- Interactive map of Estates of Fort Lauderdale, Florida
- Coordinates: 26°3′7″N 80°10′50″W﻿ / ﻿26.05194°N 80.18056°W
- Country: United States
- State: Florida
- County: Broward

Area
- • Total: 0.39 sq mi (1.0 km^{2})
- • Land: 0.31 sq mi (0.8 km^{2})
- • Water: 0.077 sq mi (0.2 km^{2})

Population (2000)
- • Total: 1,791
- • Density: 5,667/sq mi (2,188.1/km^{2})
- Time zone: UTC-5 (Eastern (EST))
- • Summer (DST): UTC-4 (EDT)
- FIPS code: 12-21137

= Estates of Fort Lauderdale =

Estates of Fort Lauderdale is a former census-designated place (CDP) in Broward County, Florida, United States.
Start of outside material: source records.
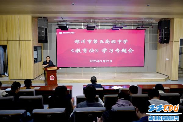 郑州市第五高级中学党委书记陈峻领学《中华人民共和国教育法》并部署学校学法活动
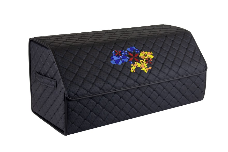 Сумка-органайзер в багажник EVAtech ECO L 30x30x65 см Карта України чорна з чорною ниткою EHECELBBBBV101
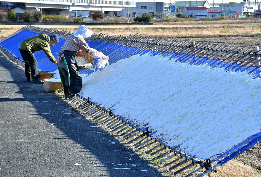 切り干し大根づくりは、ダイコンを専用の機械で15センチほどの細切りにした後、田んぼや畑に設置した網棚の上いっぱいに広げます。冷たい「伊吹おろし」にさらして2日程天日干しすることで、水分が飛び、しっかりとした歯ごたえのある、甘みと旨みが凝縮された切り干し大根になります。
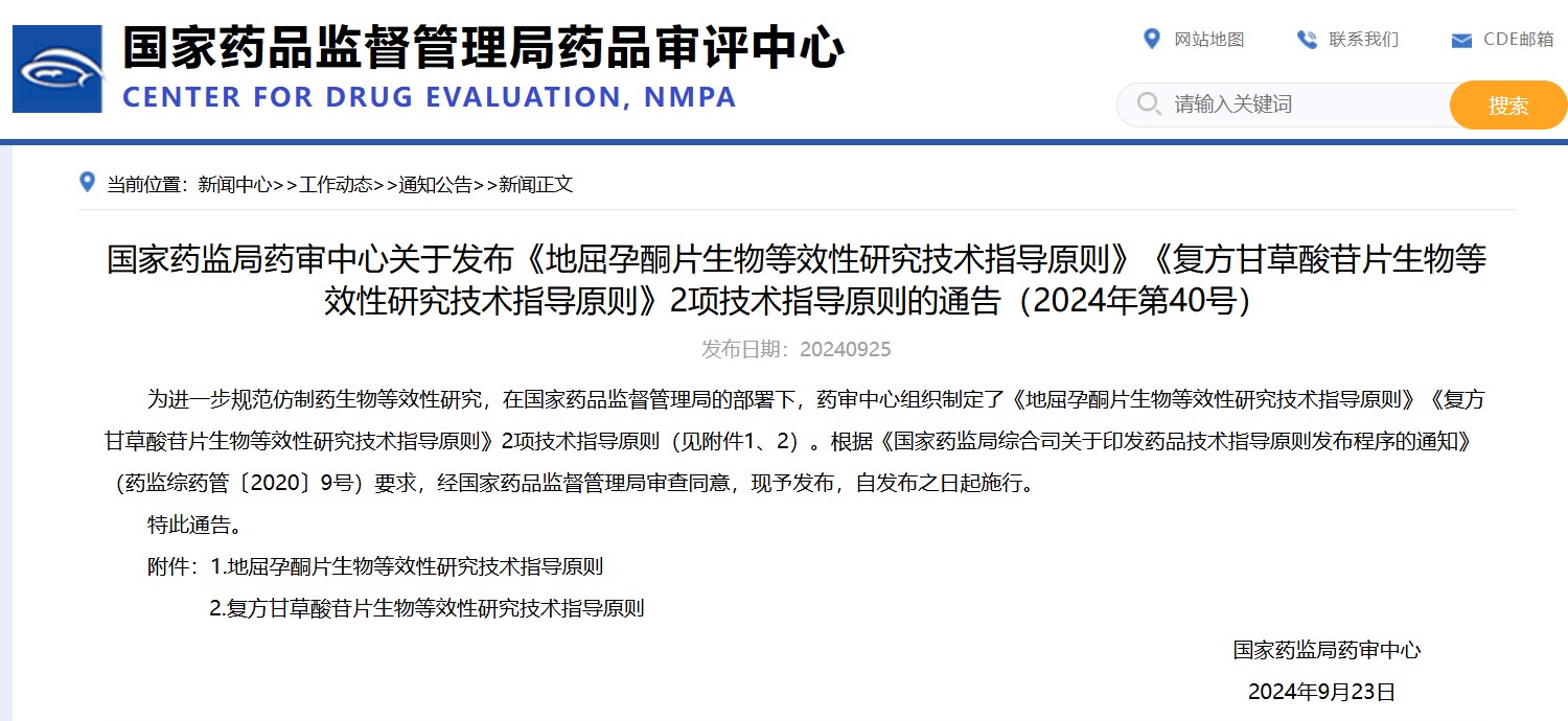 國家藥監(jiān)局藥審中心關(guān)于發(fā)布《地屈孕酮片生物等效性研究技術(shù)指導(dǎo)原則》《復(fù)方甘草酸苷片生物等效性研究技術(shù)指導(dǎo)原則》2項(xiàng)技術(shù)指導(dǎo)原則的通告(2024年第40號)

The population was 1,791 at the 2000 census. It now serves as a neighborhood that is split between Hollywood, Florida and Dania Beach, Florida. Contrary to its name, it is not part of Fort Lauderdale.

==Geography==
Estates of Fort Lauderdale is located at (26.051866, -80.180653).

According to the United States Census Bureau, the CDP has a total area of 1.0 km2. 0.8 km2 of it is land and 0.2 km2 of it (22.50%) is water.

==Demographics==

Estates of Fort Lauderdale first appeared as a census designated place in the 2000 U.S. census; the community was annexed to the cities of Dania Beach and Hollywood prior to the 2010 U.S. census.

===2000 census===
As of the census of 2000, there were 1,791 people, 862 households, and 485 families residing in the CDP. The population density was 2,161.0 /km2. There were 1,095 housing units at an average density of 1,321.2 /km2. The racial makeup of the CDP was 89.34% White (80.6% were Non-Hispanic White,) 3.69% African American, 0.22% Native American, 1.62% Asian, 0.06% Pacific Islander, 2.12% from other races, and 2.96% from two or more races. Hispanic or Latino of any race were 11.84% of the population.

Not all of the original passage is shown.